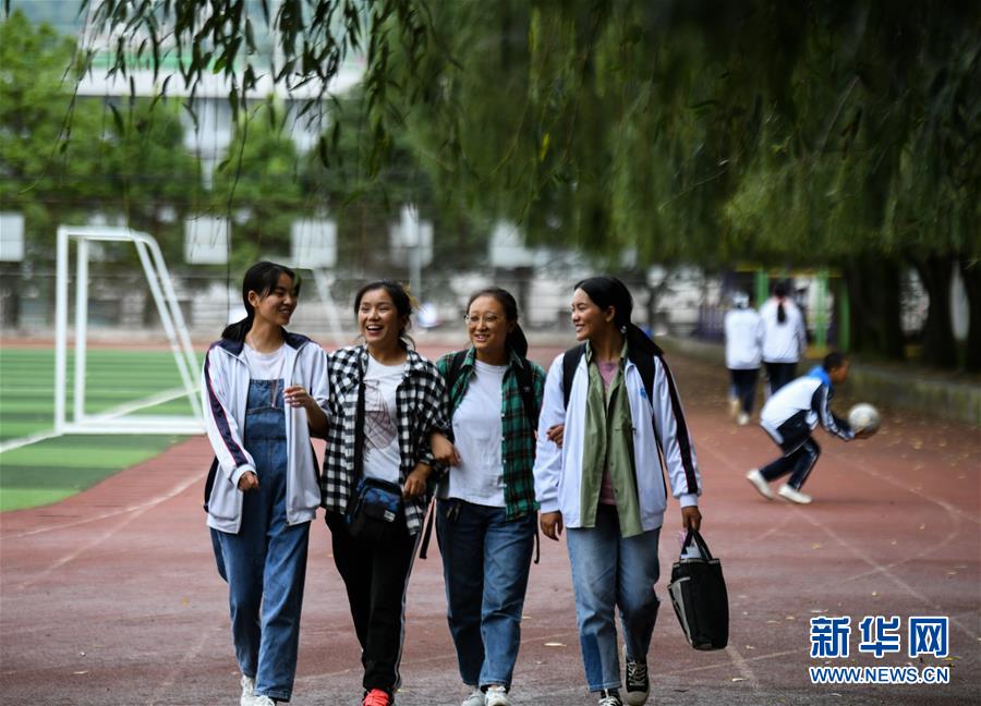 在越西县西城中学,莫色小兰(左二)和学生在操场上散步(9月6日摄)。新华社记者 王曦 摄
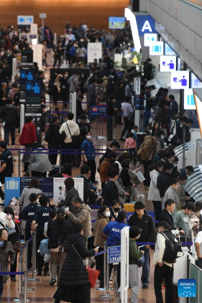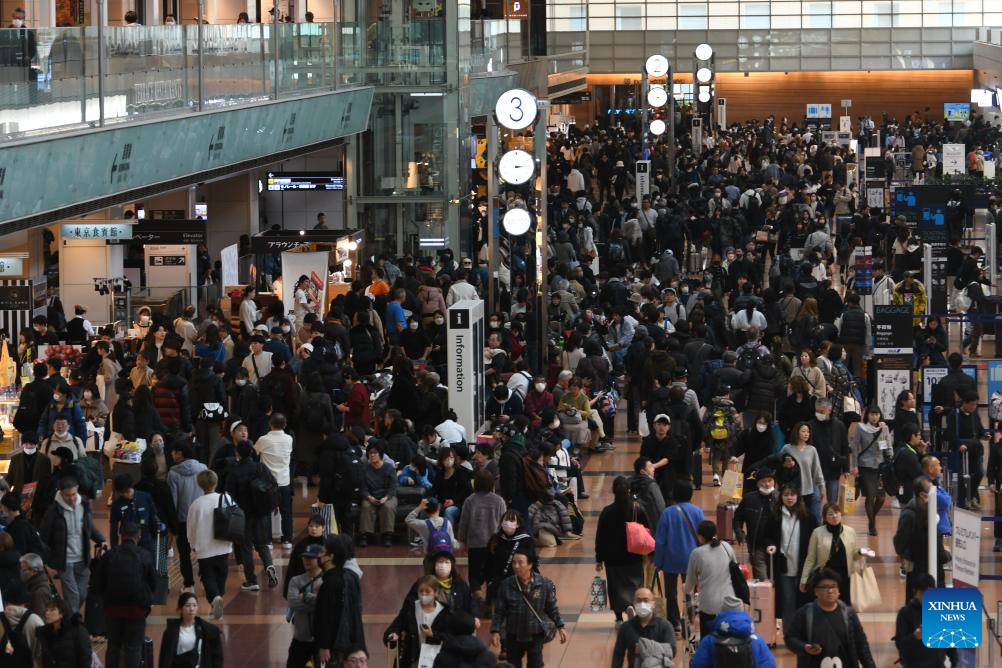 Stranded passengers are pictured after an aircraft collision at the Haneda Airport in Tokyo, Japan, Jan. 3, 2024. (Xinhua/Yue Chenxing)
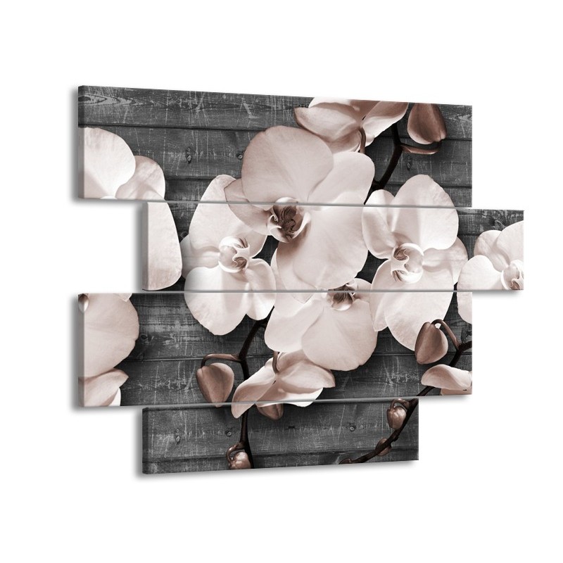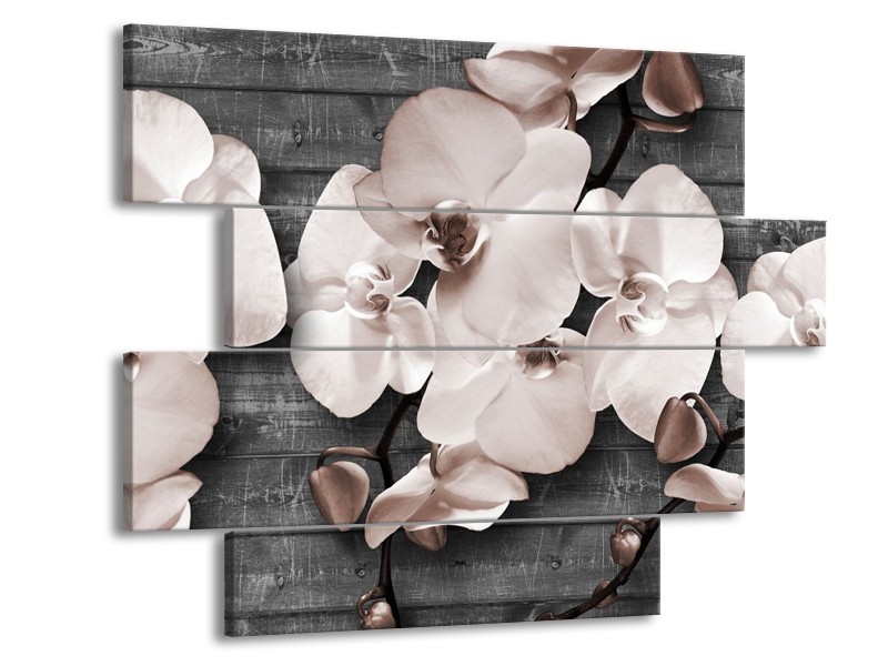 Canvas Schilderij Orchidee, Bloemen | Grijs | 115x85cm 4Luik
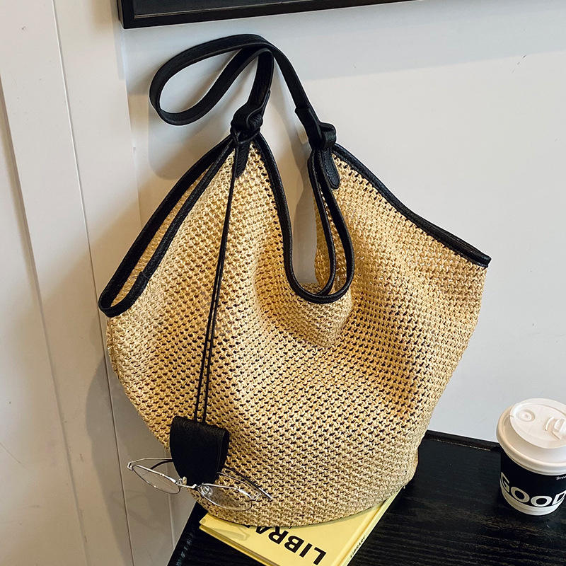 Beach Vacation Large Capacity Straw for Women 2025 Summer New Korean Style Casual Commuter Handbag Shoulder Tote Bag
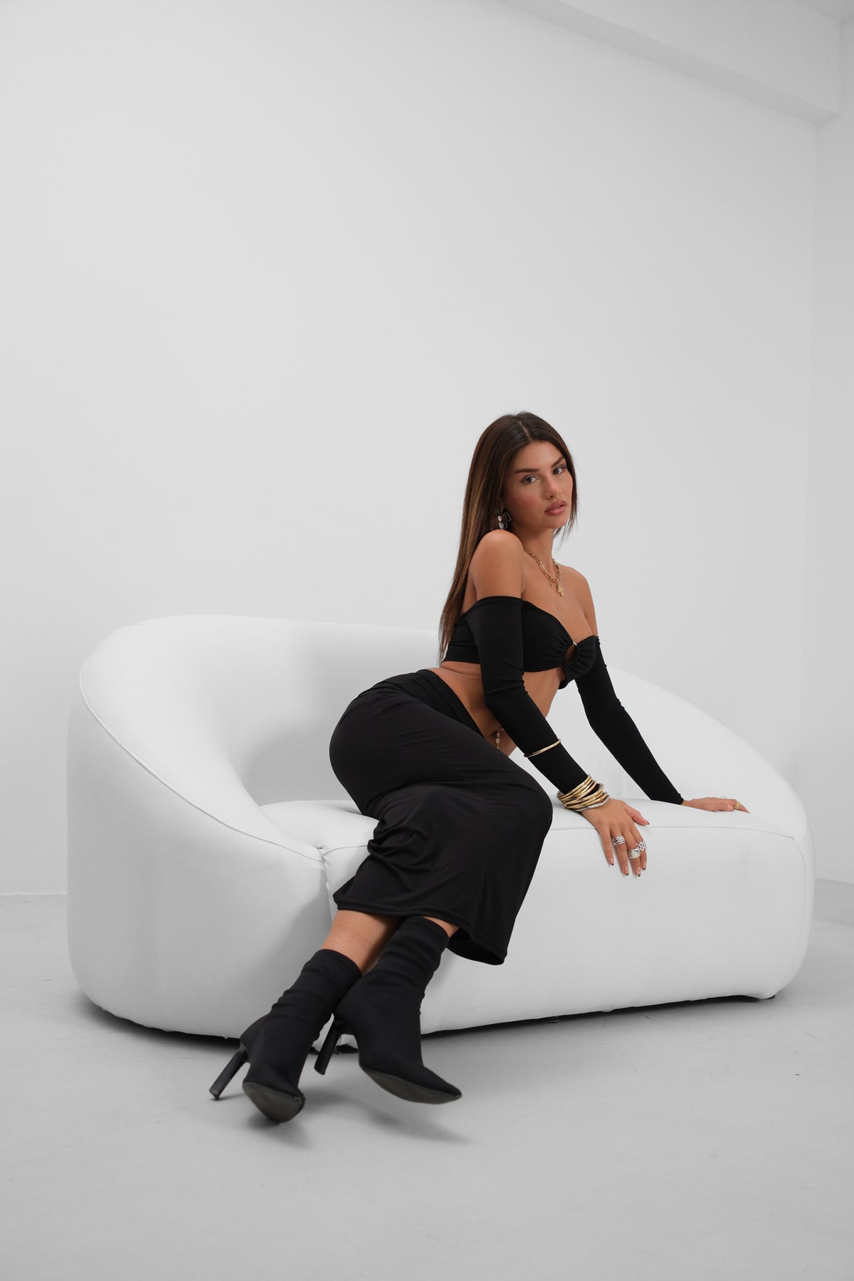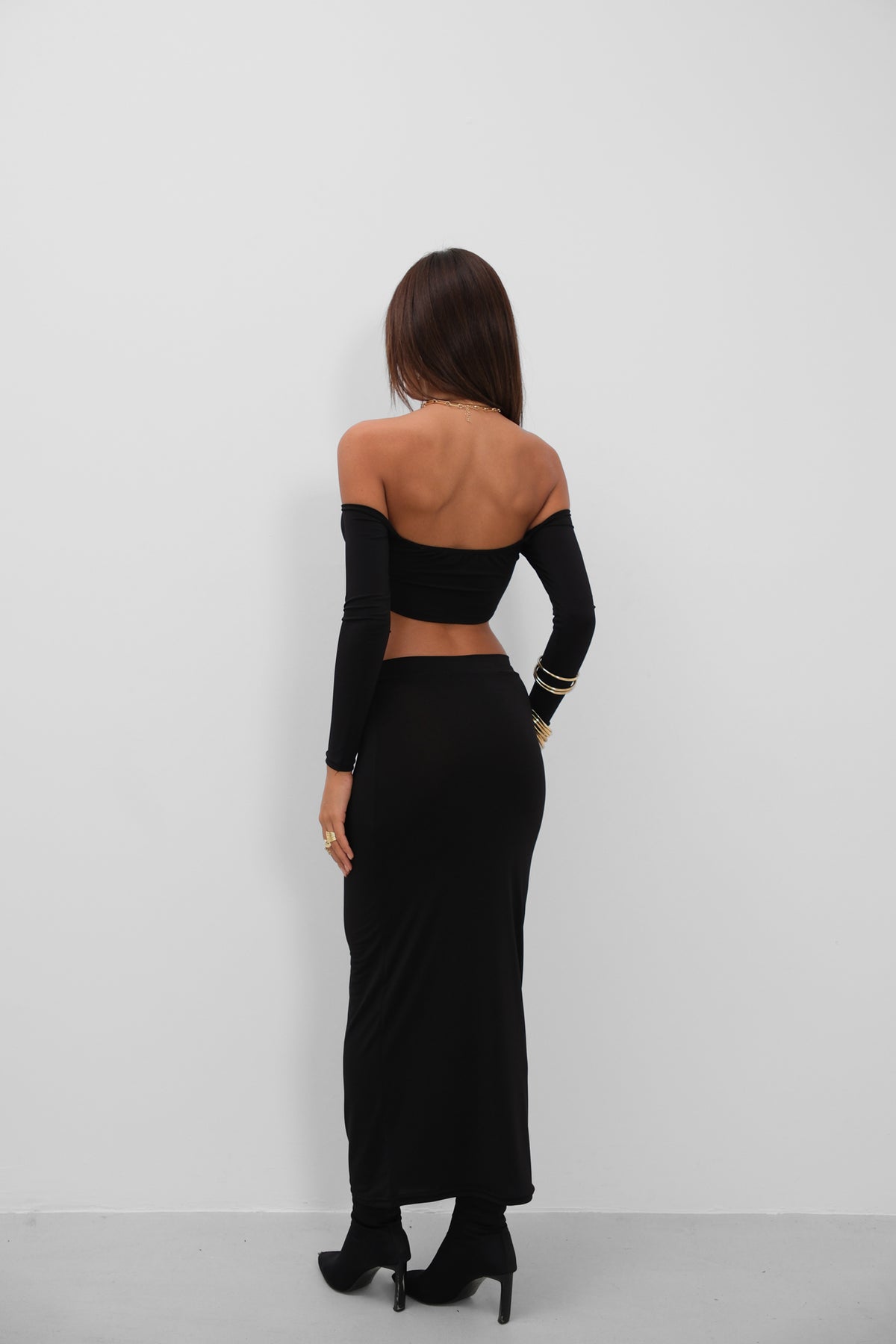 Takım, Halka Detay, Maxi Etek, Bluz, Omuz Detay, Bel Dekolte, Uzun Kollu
-.-.-
TASK BRIEF - I'd like every record transcribed exactly, with no pictures carried over.

RESPONSE TO THE TASK -
 在越西县西城中学,莫色小兰(左二)和学生在操场上散步(9月6日摄)。新华社记者 王曦 摄
 Stranded passengers are pictured after an aircraft collision at the Haneda Airport in Tokyo, Japan, Jan. 3, 2024. (Xinhua/Yue Chenxing)
 Canvas Schilderij Orchidee, Bloemen | Grijs | 115x85cm 4Luik
 Beach Vacation Large Capacity Straw for Women 2025 Summer New Korean Style Casual Commuter Handbag Shoulder Tote Bag
 Takım, Halka Detay, Maxi Etek, Bluz, Omuz Detay, Bel Dekolte, Uzun Kollu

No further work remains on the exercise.